Iterate over the DataFrame and create a NetworkX DiGraph object containing doctors (npi), services they provide (hcpcs_code), and other assorted metadata. This is a bipartite network of doctors connected to services. This is extremely expensive to calculate and takes over 10 minutes to load.


In [58]:
g = nx.DiGraph()

for i in df.index:
    npi = df.ix[i,'npi']
    hcpcs_code = df.ix[i,'hcpcs_code']
    
    provider_type = df.ix[i,'provider_type']
    gender = df.ix[i,'nppes_provider_gender']
    state = df.ix[i,'nppes_provider_state']
    description = df.ix[i,'hcpcs_description']
    
    services_count = int(df.ix[i,'line_srvc_cnt'])
    beneficiaries_count = int(df.ix[i,'bene_unique_cnt'])
    total_charges = int(df.ix[i,'average_submitted_chrg_amt'] * services_count)
    total_payments = int(df.ix[i,'average_Medicare_payment_amt'] * services_count)

    g.add_edge(npi,hcpcs_code,s=services_count,b=beneficiaries_count,tc=total_charges,tp=total_payments)
    g.add_node(npi,nt='Person',pt=provider_type,g=gender,s=state,d='Person')
    g.add_node(hcpcs_code,nt='Procedure',pt='Procedure',g='Procedure',s='Procedure',d=description)

Print out the number of edges and nodes in the network.
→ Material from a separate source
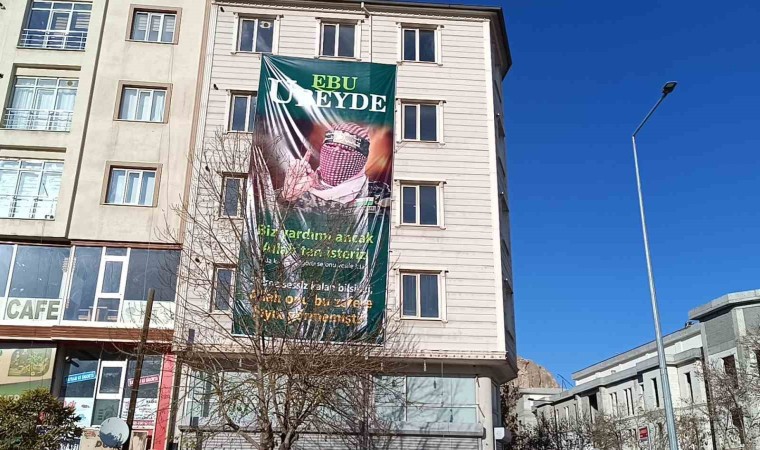 İsrail’in Gazze’deki saldırılarına karşı mücadele veren Kassam Tugayları’nın sözcüsü Ebu Ubeyde, direnişin sembolü haline geldi. Ülkenin birçok bölgesinde olduğu gibi Van’da da Gazze saldırılarını kınamak isteyen gençler, kentin en işlek caddelerinden biri olan Ferit Melen Caddesi üzerinde yer alan bir binaya Ebu Ubeyde’nin posterini astı.

This is a big network.


In [59]:
g.number_of_edges(), g.number_of_nodes()


Out[59]:
(8885068, 886593)

Write this graph object out to a graphml file so that we can visualize it in other programs if we wanted. Writing this to a gigantic file.


In [66]:
nx.write_graphml(g,'all_records.graphml')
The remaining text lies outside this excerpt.